* How to complete this task: Once "Luxury Gold Stainless" turns up in a line below, reproduce that line and those after it exactly, stopping after the line with "To show that"; leave pictures out.

Given data section start

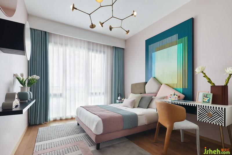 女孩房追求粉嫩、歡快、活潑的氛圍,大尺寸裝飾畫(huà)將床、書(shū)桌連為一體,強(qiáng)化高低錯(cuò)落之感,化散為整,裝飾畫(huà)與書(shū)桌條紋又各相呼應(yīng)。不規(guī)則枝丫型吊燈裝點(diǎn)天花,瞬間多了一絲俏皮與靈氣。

Given data section end
Given data section start

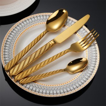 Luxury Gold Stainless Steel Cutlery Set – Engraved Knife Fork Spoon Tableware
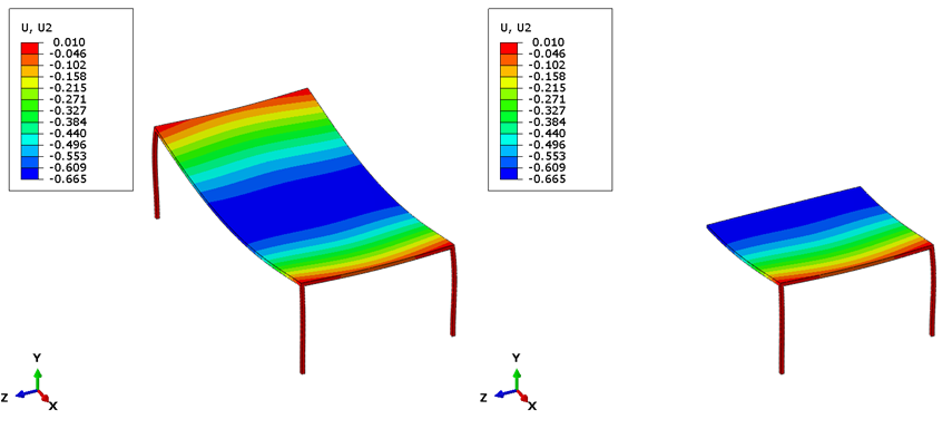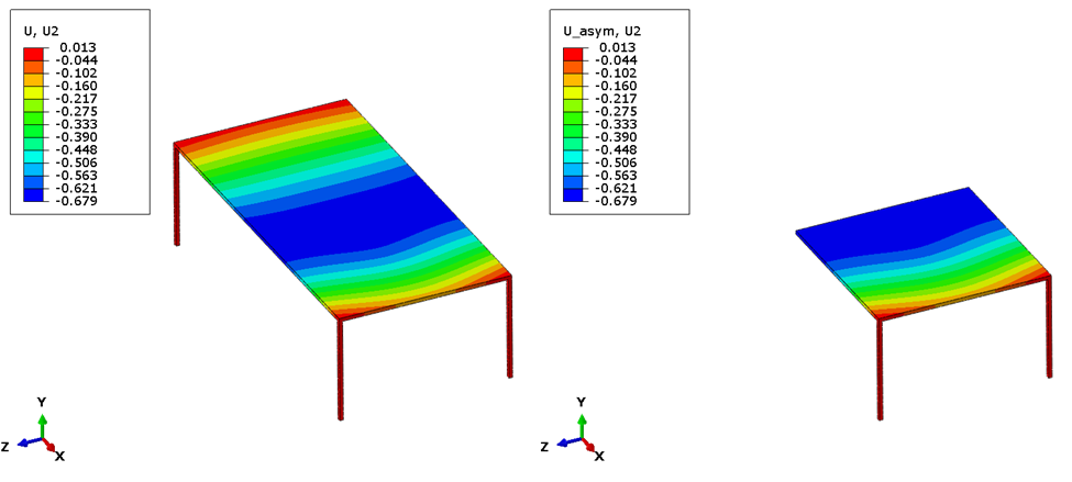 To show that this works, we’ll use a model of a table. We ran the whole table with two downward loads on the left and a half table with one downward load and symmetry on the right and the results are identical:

Given data section end
Given data section start

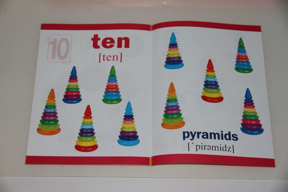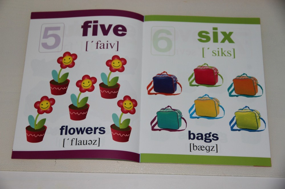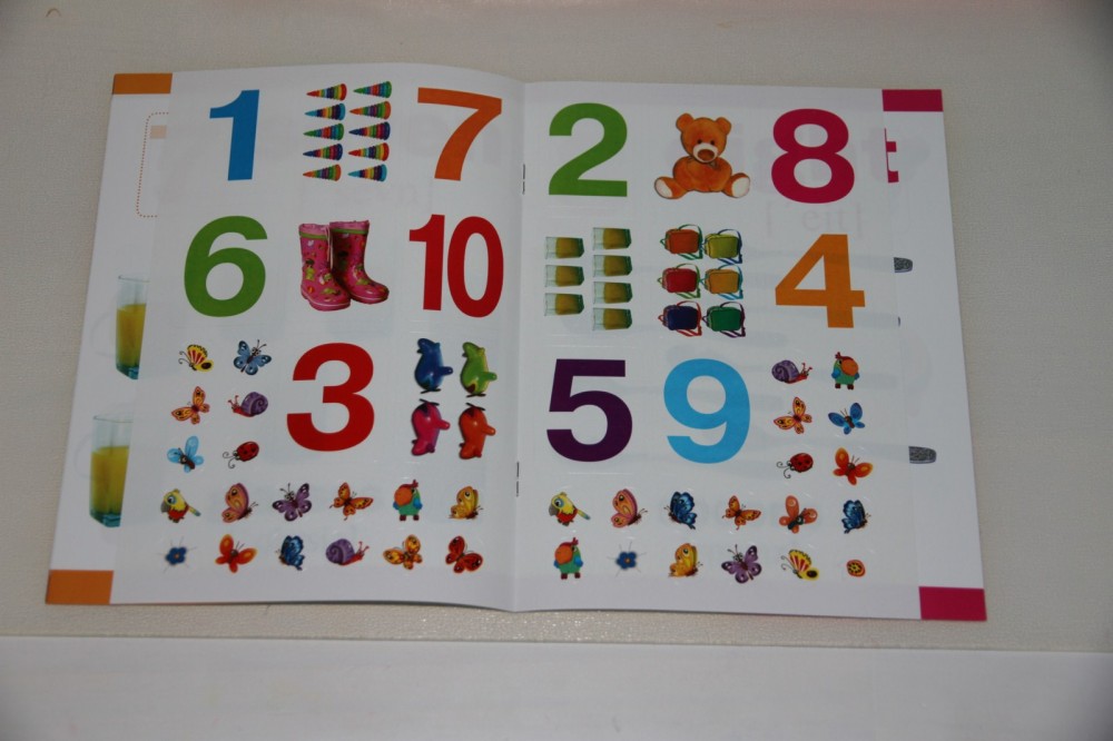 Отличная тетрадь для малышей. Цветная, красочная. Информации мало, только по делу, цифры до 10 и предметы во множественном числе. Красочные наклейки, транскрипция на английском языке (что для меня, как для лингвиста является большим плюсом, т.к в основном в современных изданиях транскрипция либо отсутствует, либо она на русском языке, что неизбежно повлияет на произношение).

Given data section end

* Answer area:
 Luxury Gold Stainless Steel Cutlery Set – Engraved Knife Fork Spoon Tableware
 To show that this works, we’ll use a model of a table. We ran the whole table with two downward loads on the left and a half table with one downward load and symmetry on the right and the results are identical:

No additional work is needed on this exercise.